I feel like each time a year ends and another begins people start to take stock of everything from health to dreams and goals, putting a perimeter or time on the things we want to accomplish in the coming year. We give ourselves a week, month, or the next 365 days to turn things around and make promises like a politician to the reflection in the mirror. And, at the end of it all, we time it.
“You have a year. Don’t screw up”.
I, like nearly everyone else in the world, started thinking about what I want to do in 2015. I made lists, cleaned out some emails, and even reconnected with some people from the past before the clock strikes midnight on January 1. All of it made me feel like I was somehow ahead of the twelve hallow dongs which will place inside my mind when the clock goes from 11:59 to 12:00 am in just over 24 hours from now.
“I’m ready for the final countdown”….wait…what?
What the hell am I counting down for in the first place? I’m not boarding that space ship for the Mission to Mars experiment and I haven’t received any dooming news that I have six months left to live, so…why am I counting down again? And then it hit me and it struck me hard. “You idiot! This is why you almost always fail when you make promises to yourself”. Inner Carrie doesn’t mince her words. I realized that the more I put time limits and expectations on my goals, the more prone to failure I become, allowing myself to sink in to the muddy pit of late spring despair. You know, around April when everything you wanted to do by then has fallen by the wayside and you’re standing in line at the DMV on a windy day contemplating why you got out of bed in the first place.
Einstein said that time is an illusion. It is nothing but a man made measurement. Aside from the seasons and sun up to sun down, everything is just…made up. There is a year, January 1 through December 31 which most people on earth abide by, but then there are fiscal years, academic years, performing seasons, blah, blah, blah. Our days are cut up in little chunks of hours, minutes, seconds and there’s before noon, afternoon, evening….wow. I’m exhausted already. We live under these guidelines of a ticking clock and even though it all seems digestible, we still feel like we don’t have enough time. It is always running out. No time to work out. Not enough time spent with someone we love. Never enough time to accomplish tasks at work or at home. There isn’t enough time!! OH MY GOD WE’RE ALL GONNA DIE!
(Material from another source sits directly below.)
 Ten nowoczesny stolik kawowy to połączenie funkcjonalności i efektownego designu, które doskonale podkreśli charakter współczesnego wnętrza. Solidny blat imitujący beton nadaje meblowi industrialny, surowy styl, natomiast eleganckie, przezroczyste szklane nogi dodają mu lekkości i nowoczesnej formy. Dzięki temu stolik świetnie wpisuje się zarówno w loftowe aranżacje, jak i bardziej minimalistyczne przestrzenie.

Alright, we’ve faced it and now what do we do with it? Heck if I know! But how long are we going to restrict growth, progress, and even joy with this invisible clock ticking away, eating at our souls because we are running out of something that really isn’t even a truth. And how many times are we going to self sabotage because we’ve lost focus of the journey because the only thing we’re watching is that darn timeline we’ve given ourselves to complete…something.
Of course I have goals for the new year. However, this time (ha) I am not going to divide it all up in deadlines that may or may not be met. I’ve done a lot of work on myself and my number one goal is to continue working on Carrie. Allowing her to experience the most beautiful, open, gracious side of herself and to devour the life she is living and allow her to be at peace with all of the humanity that will inevitably happen in 2015. I cannot live categorized by tabs on a file folder of life all leading to some big, giant…thing in the sky. Nope. It is time to fully enjoy all of the big things and everything happening in between them.
Summed up, I am giving myself time. Time to be.
I wish everyone success in whatever you choose to pursue in the coming year. May it be your goals, dreams, dedications, and passion. May this year be the year of the real you and the real me. May we all walk in confidence and at the end of 2015 say “Damn, that was a good year!”